My head is throbbing from writing a thesis on them, so to have a break without digressing too far from the subject I was wondering who owns them and what localities do you have (if known)?


----------



## Snakes Incorporated (Jun 27, 2006)

Richcymru said:


> ... I was wondering who owns them and what localities do you have (if known)?


Yeah I have a bad tempered female. What you want to know?


----------



## lotti (Aug 20, 2010)

We ve one it's really placid, specially compared to the monicled we used to have she was mental!he's one of my favourates!


----------



## venomous111 (Dec 24, 2009)

My local rep shop has one watched them feed it i thought it was going to be mad but it was really gentle taking a large rat, its about 10ft long its really beautiful.


----------



## Snakes Incorporated (Jun 27, 2006)

Forrest Cobras are highly intelligent and can never be underestimated. They will use the hook stick as a branch so has the ability to surprise unexpectedly.


----------



## lotti (Aug 20, 2010)

was it predators you saw the forest?


----------



## rob challis (Mar 23, 2010)

Look up Welcome to the King Cobra Sanctuary they have one which has had it's venom glands removed.

There is a video of their using it to test protective gloves on their site.

Regards,

Rob


----------



## Snakes Incorporated (Jun 27, 2006)

rob challis said:


> ...they have one which has had it's venom glands removed.


I would not bother to look as I detest venomoids and anyone keeping a mutilated animal.


----------



## ScottGB (May 12, 2008)

I've seen the one at Predators, they had a lovely looking Gaboon Viper in there too.


----------



## Kaouthia (Sep 30, 2010)

Snakes Incorporated said:


> Yeah I have a bad tempered female.


"Bad tempered" kinda goes without saying. I've *never* seen one that had a good disposition. 

Although a mate of mine had a pair of adults that were mostly fairly mellow, but they had their moments. He also had two little 18" babies that were just absolutely ballistic. As you said, not to be underestimated, complete little psychopaths with zero fear.

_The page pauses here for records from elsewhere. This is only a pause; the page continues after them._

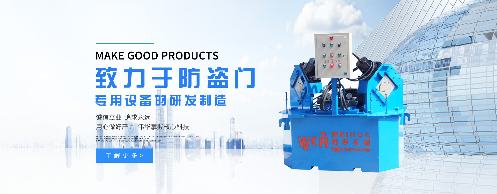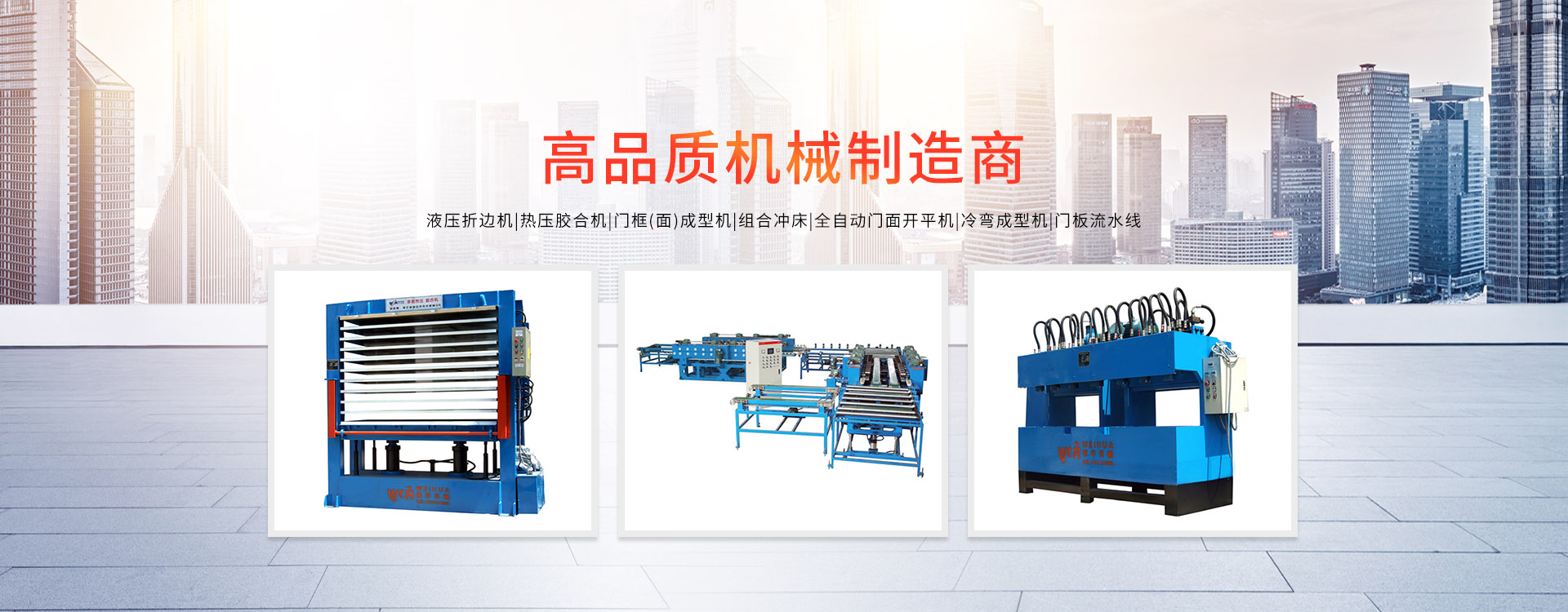 更多>溫州偉華機(jī)械制造有限公司地處浙江溫州瑞安市塘下工業(yè)區(qū),創(chuàng)建于2009年,數(shù)年來全心致力于防盜門專用設(shè)備的研發(fā)制造,主營產(chǎn)品有:門面成型機(jī)、門框成型機(jī)、熱壓膠合機(jī)、組合沖床、液壓折邊機(jī)、雙頭沖床、門面開平機(jī)。現(xiàn)已具備獨(dú)特的管理模式和產(chǎn)品開發(fā)能力,歷經(jīng)多年的努力,現(xiàn)已發(fā)展成為國內(nèi)最具影響力的機(jī)械設(shè)備企業(yè)之一。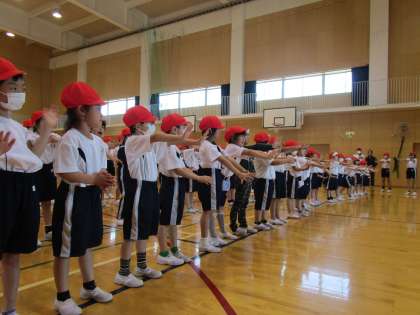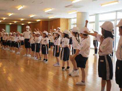 応援合戦の練習をしました。6年生さんの話を聞きながら、動きやかけ声を覚えられるように一生懸命練習しました。赤団と白団の様子です。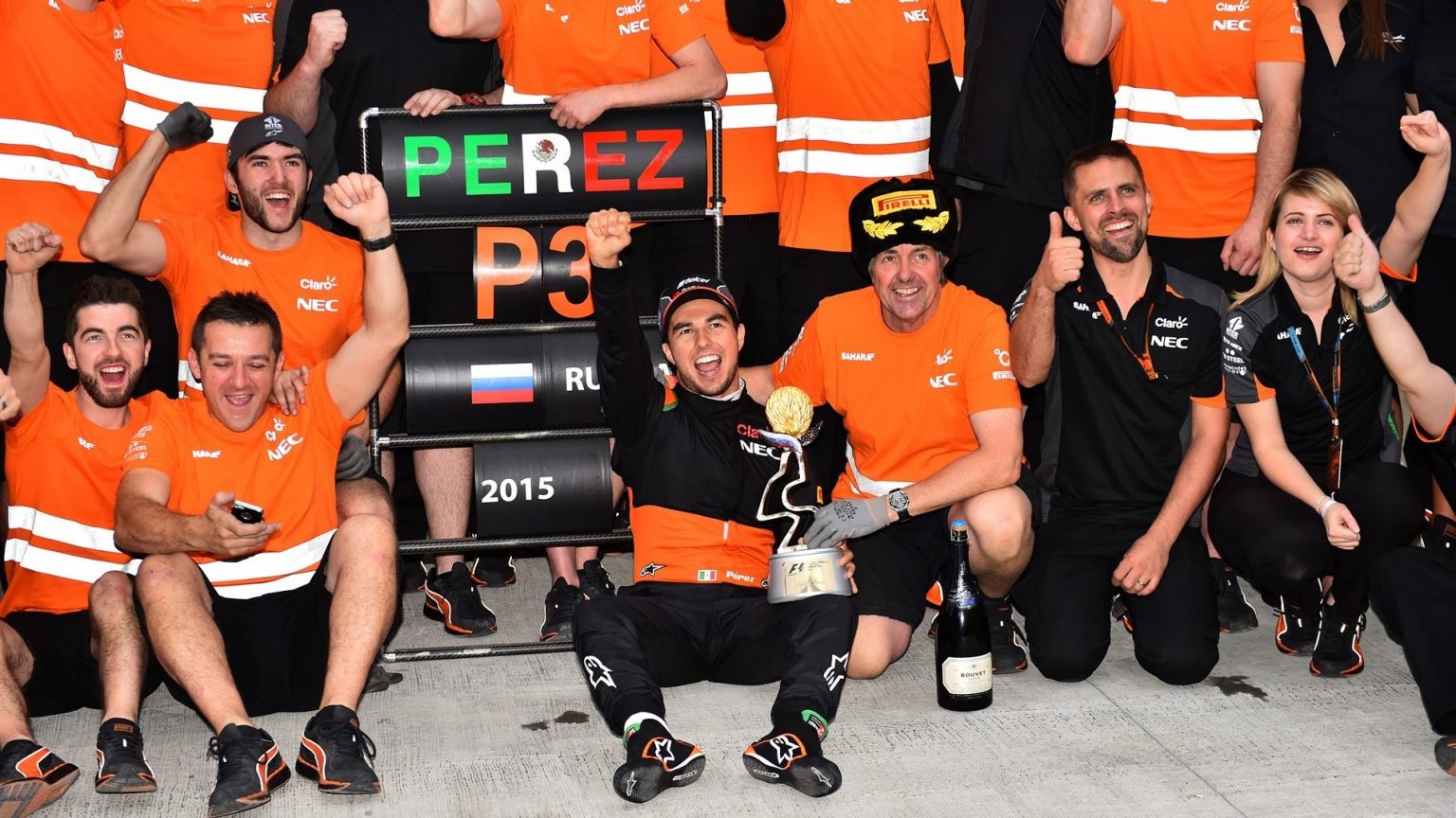Неожиданное и фантастическое 3-е место! Серхио Перес впервые в сезоне приехал на подиум! В Force India сразу же объяснили причину феноменального успеха – российская легкоатлетка Дарья Клишина принесла команде удачу своим присутствием в боксах.

Those little 18" babies scared the crap out of me, even more so than mambas.


----------



## Snakes Incorporated (Jun 27, 2006)




----------



## atrox1 (Feb 8, 2009)

rob challis said:


> Look up Welcome to the King Cobra Sanctuary they have one which has had it's venom glands removed.
> 
> There is a video of their using it to test protective gloves on their site.
> 
> ...


Hi there, i'm not sure where you get your info from but we have never had a venomoid snake at the KCS, we indeed tested the venom defender gloves with forest cobras, mambas, taipans, rattlers, lanceheads and of course King Cobras. None of which are venomoid, infact we have a video testing the venom defender gloves with a king cobra and venom is visible dripping off the gloves as it chews onto the glove. I own the forests that used to be housed at the KCS, they now reside at Emerald Exotics in Oxford. The male is on show, he is jet black and about 8 foot long, quite an unusual looking snake, unfortunately there is no record of his local.


----------



## firece_creatures (May 28, 2008)

atrox1 said:


> Hi there, i'm not sure where you get your info from but we have never had a venomoid snake at the KCS, we indeed tested the venom defender gloves with forest cobras, mambas, taipans, rattlers, lanceheads and of course King Cobras. None of which are venomoid, infact we have a video testing the venom defender gloves with a king cobra and venom is visible dripping off the gloves as it chews onto the glove. I own the forests that used to be housed at the KCS, they now reside at Emerald Exotics in Oxford. The male is on show, he is jet black and about 8 foot long, quite an unusual looking snake, unfortunately there is no record of his local.


And stunning Forests they are to .. When you gonna give them to me and dad marky :mf_dribble::mf_dribble:

We have one and is a stunning snake and grumpy but again not to sure where it is from : victory:


----------



## atrox1 (Feb 8, 2009)

Hello mate, my pair of forests are actually for sale for £600 as they are a special pair of snakes but bloody dangerous.


----------



## Snakes Incorporated (Jun 27, 2006)

atrox1 said:


> ...bloody dangerous.


 
I won’t knock you there mate. My female is certainly not a friendly beasty. loL


----------



## atrox1 (Feb 8, 2009)

my male is ok but the female is wild, and at a true 7 foot she has caused me some issues in the past. Thats females for you i guess ......


----------